On January 1, 2021, Tranche 1 of the MSUs became vested because it had met both service requirement and market-based performance metrics as the predetermined share price goal of $120 per share was achieved for a period of 30 consecutive calendar days. As of June 30, 2022 and December 31, 2021, 2,260,764 shares of market-based restricted stock units, with a weighted-average grant date fair value of $65.20 per share, were outstanding under the 2018 Plan.
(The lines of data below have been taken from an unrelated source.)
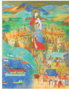
Japanese historic painting of Catholic interest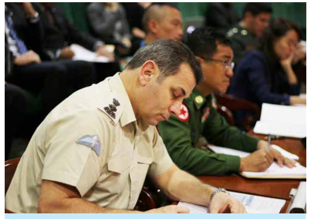
Participants taking notes during presentations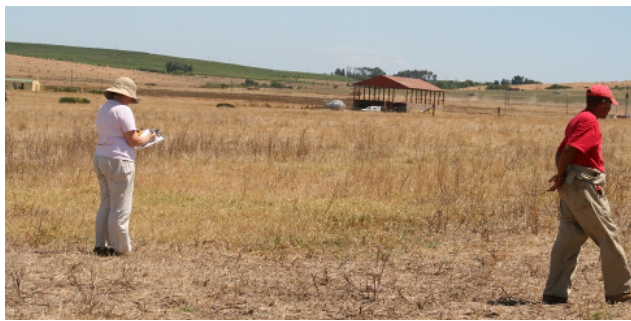
Figure 14: Composting Site

No MSUs were granted, vested or canceled during the six months ended June 30, 2022.
Stock-based compensation for the MSUs was $7.6 million and $22.3 million, for the three months ended June 30, 2022, and 2021, respectively, and $16.1 million and $66.3 million, for the six months ended June 30, 2022, and 2021, respectively, which was recorded in general and administrative expenses on the Company's condensed consolidated statement of operations. The MSUs were fully expensed as of June 30, 2022. In the event of a change in control, a qualifying termination, death, disability or the share price goal occurring earlier than the estimated derived service period, the stock-based compensation relating to these MSUs could be accelerated. Any MSUs that remain unvested at the end of the seven-year performance period will automatically be forfeited and terminated without further consideration.
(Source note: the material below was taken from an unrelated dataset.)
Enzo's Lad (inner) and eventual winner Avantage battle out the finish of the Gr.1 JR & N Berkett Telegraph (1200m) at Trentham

AMEA 2020 Equity Incentive Plan
In August 2020, the board of directors of the Joint Venture approved its 2020 Equity Incentive Plan, or the AMEA 2020 Plan, under which the Joint Venture may grant equity incentive awards such as stock options, restricted stock, restricted stock units, stock appreciation rights and cash-based awards to its employees and non-employees. Stock options granted may be either incentive stock options or nonstatutory stock options. Incentive stock options may be granted only to employees of the Joint Venture or its affiliates. Nonstatutory stock options may be granted to employees, directors and non-employee consultants. Stock options may be granted at an exercise price of not less than the fair market value of the Joint Venture's common stock on the date of grant, determined by the board of directors of the Joint Venture. Options generally vest over 4 years and expire as determined by the board of directors of the Joint Venture, provided that the term of options may not exceed 10 years from the date of grant. For individuals holding more than 10% of the total combined voting power of all classes of stock of the Joint Venture, the exercise price of an option will not be less than 110% of the fair market value of the Joint Venture's common stock on the date of grant, and the term of the option will not exceed 5 years. A total of 4,595,555 shares of the Joint Venture's Class B common stock are initially reserved for issuance under the AMEA 2020 Plan, and the number of shares may be increased in accordance with the terms of the AMEA 2020 Plan.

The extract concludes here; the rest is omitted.